Omesso deposito di documenti, quando non scatta la responsabilità del legale
La Cassazione, ordinanza n. 475 depositata oggi, con riguardo ad una causa di lavoro, individua un diverso motivo di rigetto della pretesa
Non scatta la responsabilità professionale dell’avvocato per il mancato deposito di documenti nel caso in cui l’omissione non possa considerarsi la causa del rigetto della domanda (di risarcimento). Il chiarimento arriva dalla Corte di cassazione, ordinanza n. 475 depositata oggi, che ha rigettato il ricorso di un ex dipendente a tempo di Poste italiane che aveva agito in giudizio per ottenere la dichiarazione di illegittimità dei diversi contratti a termine succedutisi nel tempo.
Il lavoratore dopo aver perso la causa in primo grado, decise di firmare un accordo transattivo con Poste iniziando contestualmente una causa contro il proprio legale per il risarcimento del danno asseritamente subito in conseguenza del non corretto adempimento dell’incarico professionale.
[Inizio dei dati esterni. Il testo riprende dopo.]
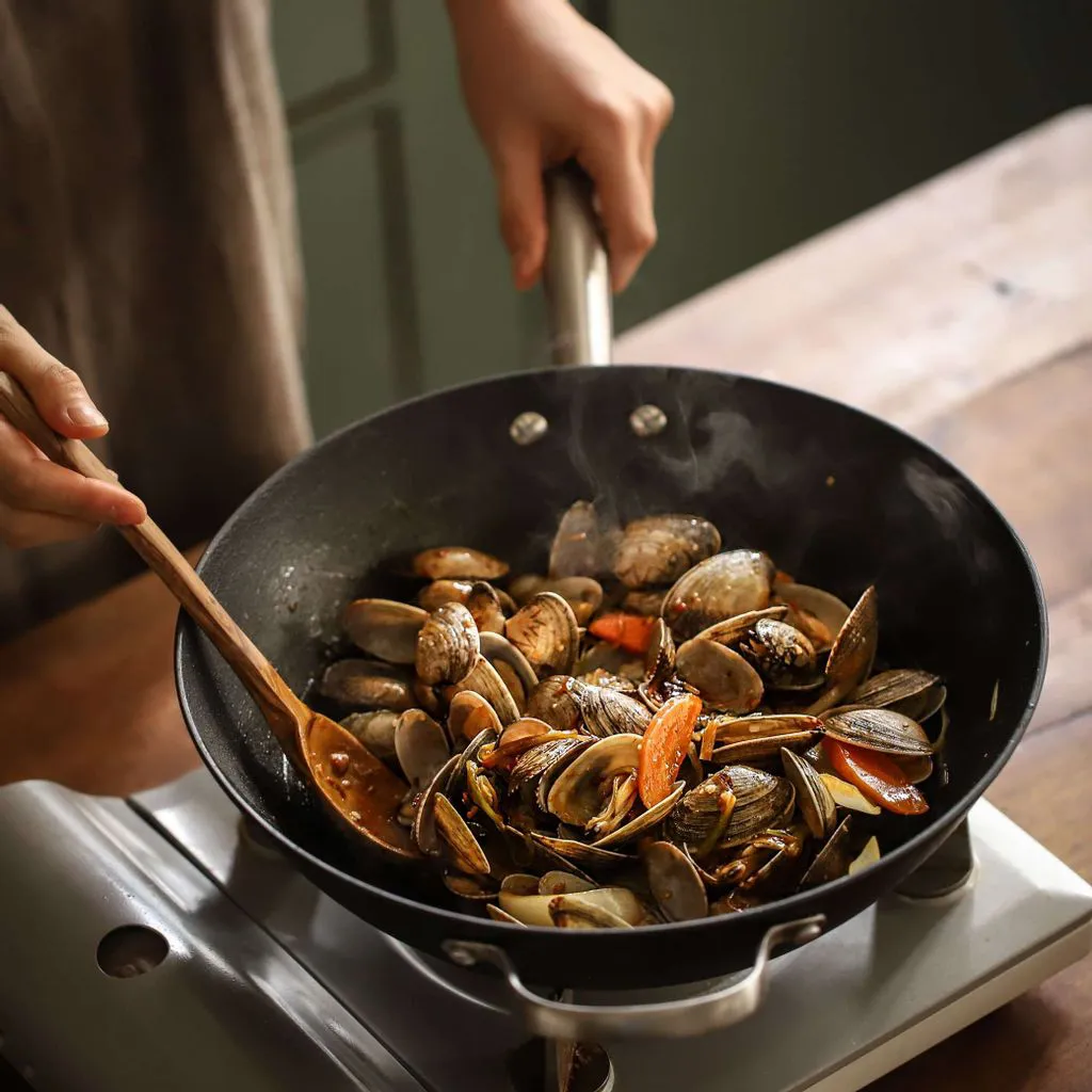 바지락과 양념장을 넣고 센 불에서 볶아주고

La domanda venne rigettata prima dal Tribunale e poi dalla Corte d’appello di Lecce. Per il Collegio di secondo grado infatti “la scelta di non proporre gravame è una condotta, ascrivibile unicamente al cliente, che vale ad interrompere il nesso causale fra l’omissione posta in essere dal difensore ed il mancato riconoscimento di una somma a titolo di risarcimento del danno”. Subito aggiungendo, però, nell’ottica della ragione più liquida, che “il giudizio prognostico … porta ad escludere che il lavoratore avrebbe potuto ottenere, anche ove l’omissione non ci fosse stata, il risarcimento del danno”.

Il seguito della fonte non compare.